Lúcio Ribeiro
Agência Folha
‘‘A Bruxa de Blair’’ decretou o fim do cinema como o conhecíamos. Documentário que todo mundo foi ver sabendo que não era um documentário. Apavorante filme de terror em que não há sustos, monstros, fantasmas. Nem mesmo a bruxa prometida. ‘‘Blair’’ promoveu, em detrimento do milionário cinema dos efeitos especiais, o resgate da fórmula de terror de ‘‘O Iluminado’’, de Hitchcock, de ‘‘O Exorcista’’, que explorava o medo do desconhecido, do que não se vê ou do que se acha que vê. Produção das mais adoradas e, na mesma medida, das mais odiadas. Bruxaria foi como esse filmeco independente transformou rapidamente míseros US$ 35 mil de custo de produção em quase US$ 150 milhões em bilheterias só nos EUA, com dois diretores e uma trinca de atores totalmente desconhecidos. Talvez o maior e mais eficaz boca a boca da história, se tornou fenômeno de marketing sem inicialmente gastar um tostão em... marketing. Em poucas semanas, o filme foi de uma sala em Nova York para 27 salas nos EUA todo, depois, para 800 salas e, por fim, para 2.538 salas, expulsando dos cinemas os blockbusters de verão, tipo ‘‘As
Loucas Aventuras de James West’’, ‘‘Star Wars’’ e ‘‘Noiva em Fuga’’. Foi o mais bem resolvido uso de hiperrealidade: atores usaram seus nomes verdadeiros na trama e foram jogados em uma floresta sem saber ao certo quais cenas iriam filmar. À noite, eram visitados pelos diretores, que interferiam no cenário sem avisar os protagonistas. As imagens vistas no filme saíram exclusivamente das câmeras usadas pelos atores no ‘‘documentário’’ que foram fazer na floresta. Quando o filme foi lançado, no Sundance, em janeiro de 99, os atores não compareceram às entrevistas de divulgação, sob a desculpa de terem ‘‘desaparecido’’ na floresta durante as filmagens.

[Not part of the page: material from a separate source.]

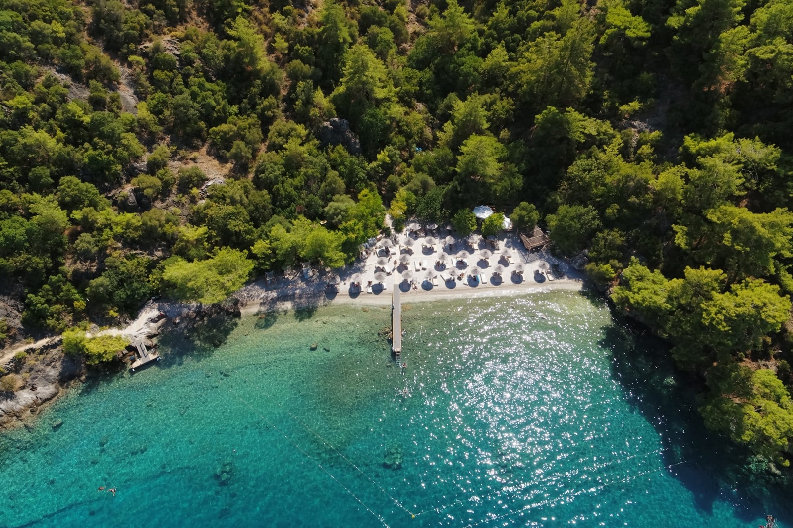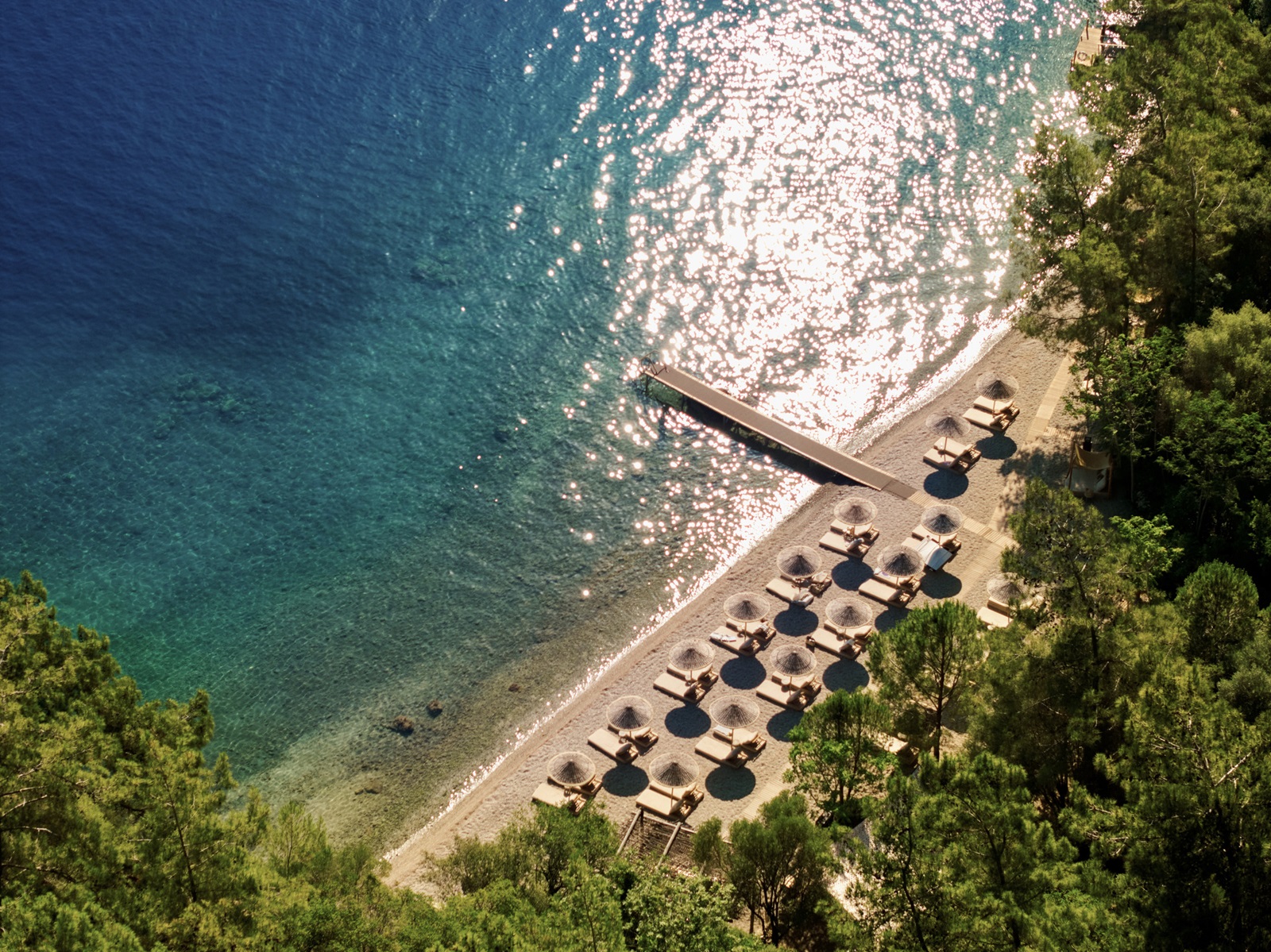 het paradijselijke en rustige ‘Serenity Beach’ (adults only, 65 m) te bereiken via het dennenbos (ook te bereiken per boot) met ‘Serentiy Bar’

Filme digital barato e caseiro, é o mais frutífero exemplo da união entre cinema e Internet. Antes mesmos dos créditos iniciais, na tela, a história ‘‘verdadeira’’ de ‘‘Blair’’ já havia começado na rede de computadores, na qual circulavam cenas do filme. Antes de uma ‘‘segunda estréia’’, no começo de agosto, quando o fenômeno foi assimilado pela indústria, o site do filme já contabilizava mais de 21 milhões de consultas.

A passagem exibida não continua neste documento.